:: Data segment

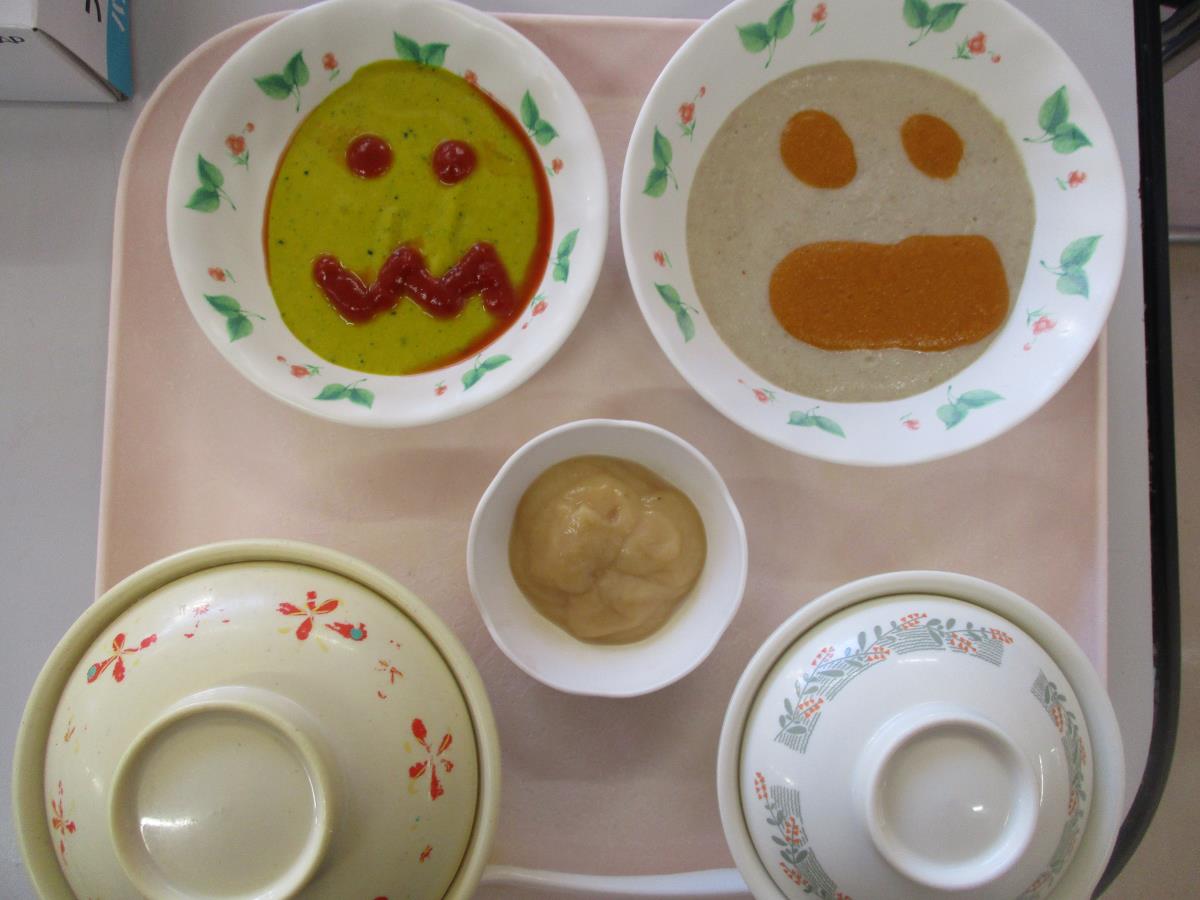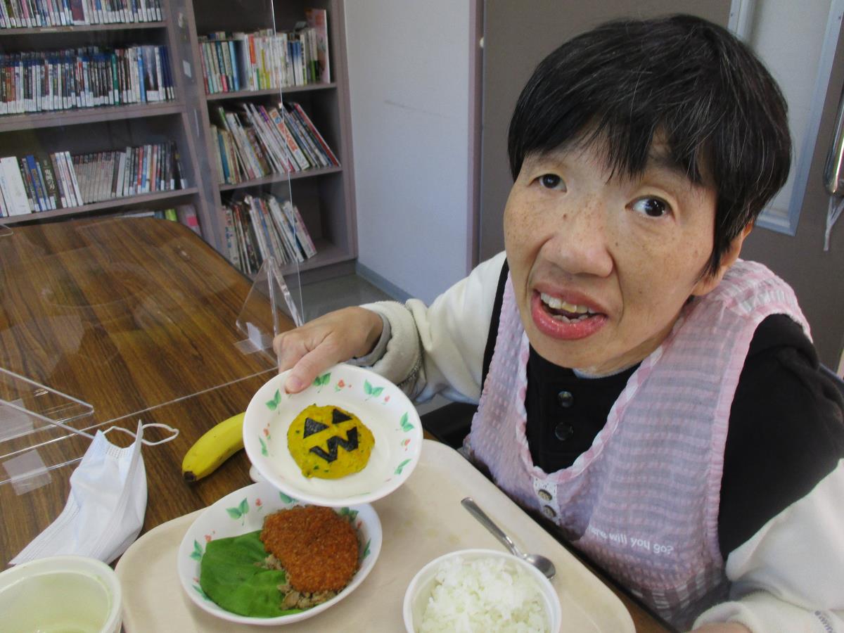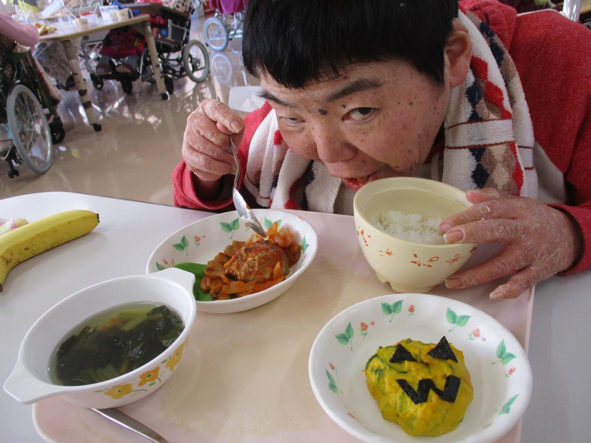 今日の献立は「ハロウィンメニュー」でした。利用者の食事形態に合わせたハロウィンメニューが提供され、皆さんの胃袋を満たしました。
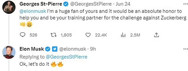 Илон Маск ја прифати сензационалната понуда од легендата на УФЦ, Жорж Сент Пјер. Сент Пјер му се обрати на Маск на 24 јуни, велејќи: „Јас сум твој голем обожавател и би ми било апсолутна чест да ти помогнам и да бидам ваш тренер за предизвикот против Цукерберг“. 51-годишниот Маск сега конечно одговори три дена подоцна, велејќи: „Добро, ајде да го направиме тоа“.
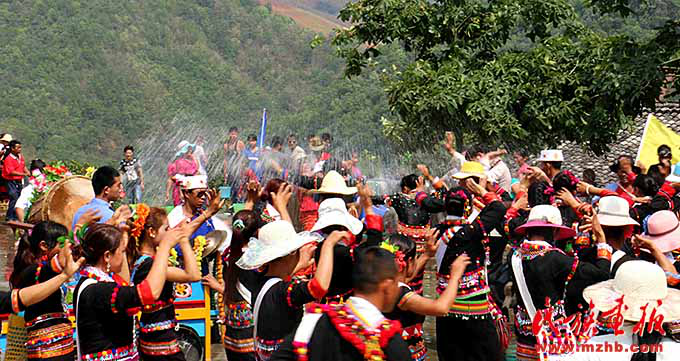 節(jié)日清晨,在象腳鼓樂和歌聲中,年輕人將水桶高高舉過頭頂,將水滴灑在老年人的手上,祝愿他們生活快樂、健康長壽。老人們則伸出雙手,將水捧在手中,口念祝詞,為年輕人道喜、祝福。這種儀式之后,人們便以象腳鼓為前導(dǎo),排成長隊,擁向泉邊、河畔,唱歌、跳舞,互相追逐、潑水。從頭到腳,全身濕透。這是吉祥的水,祝福的水,人們盡情地潑,盡情地澆,不論是潑水者還是被潑者,都高興異常,笑聲朗朗。楊臘苦介紹說,澆花節(jié)既是德昂族人民歡度新年的典禮,又是男女青年談情說愛,尋找心上人的好時機。
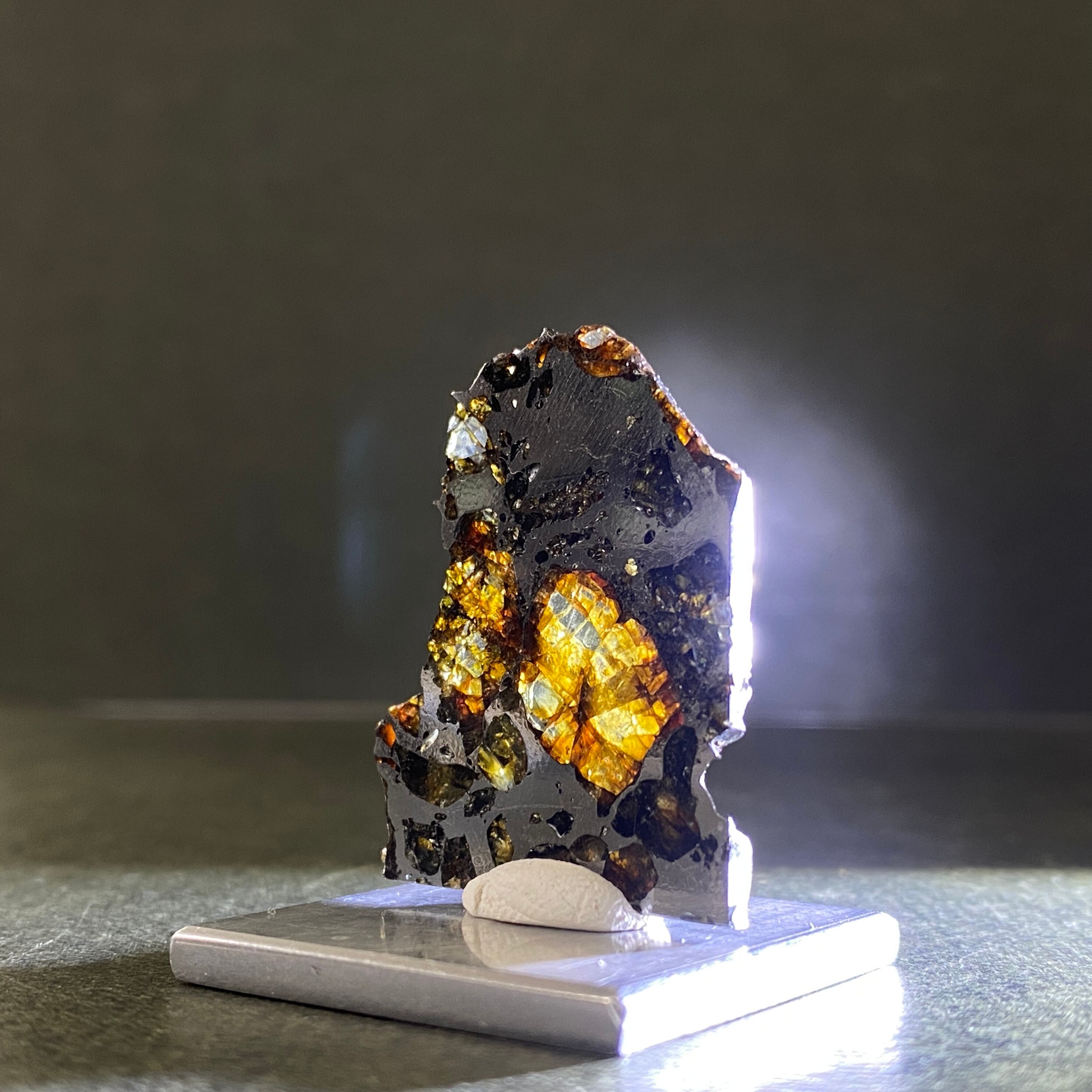 1967年にロシアで発見された隕石です。回収される隕石の中で約1%ほどしかない石鉄隕石(パラサイト隕石)の一種です。この隕石は部位によって値段が大きく変わります。パラサイト隕石の特徴であるカンラン石が満遍なく表現され、かつ、鉄部分とのバランスが美しい個体はとても高価で取引されています。エスケル隕石のように綺麗で透明度の高いオリーブ色のカンラン石があり、人気を高めています。また、鉄部分だけの個体もあります。カット方法によって鉄隕石、パラサイト隕石に区別される珍しい隕石で、とてもサビにくい隕石です。

::::

## Try it
Reproduce the whole listing verbatim. Pictures stay out of the copy.

## Answer to the exercise
 今日の献立は「ハロウィンメニュー」でした。利用者の食事形態に合わせたハロウィンメニューが提供され、皆さんの胃袋を満たしました。
 Илон Маск ја прифати сензационалната понуда од легендата на УФЦ, Жорж Сент Пјер. Сент Пјер му се обрати на Маск на 24 јуни, велејќи: „Јас сум твој голем обожавател и би ми било апсолутна чест да ти помогнам и да бидам ваш тренер за предизвикот против Цукерберг“. 51-годишниот Маск сега конечно одговори три дена подоцна, велејќи: „Добро, ајде да го направиме тоа“.
 節(jié)日清晨,在象腳鼓樂和歌聲中,年輕人將水桶高高舉過頭頂,將水滴灑在老年人的手上,祝愿他們生活快樂、健康長壽。老人們則伸出雙手,將水捧在手中,口念祝詞,為年輕人道喜、祝福。這種儀式之后,人們便以象腳鼓為前導(dǎo),排成長隊,擁向泉邊、河畔,唱歌、跳舞,互相追逐、潑水。從頭到腳,全身濕透。這是吉祥的水,祝福的水,人們盡情地潑,盡情地澆,不論是潑水者還是被潑者,都高興異常,笑聲朗朗。楊臘苦介紹說,澆花節(jié)既是德昂族人民歡度新年的典禮,又是男女青年談情說愛,尋找心上人的好時機。
 1967年にロシアで発見された隕石です。回収される隕石の中で約1%ほどしかない石鉄隕石(パラサイト隕石)の一種です。この隕石は部位によって値段が大きく変わります。パラサイト隕石の特徴であるカンラン石が満遍なく表現され、かつ、鉄部分とのバランスが美しい個体はとても高価で取引されています。エスケル隕石のように綺麗で透明度の高いオリーブ色のカンラン石があり、人気を高めています。また、鉄部分だけの個体もあります。カット方法によって鉄隕石、パラサイト隕石に区別される珍しい隕石で、とてもサビにくい隕石です。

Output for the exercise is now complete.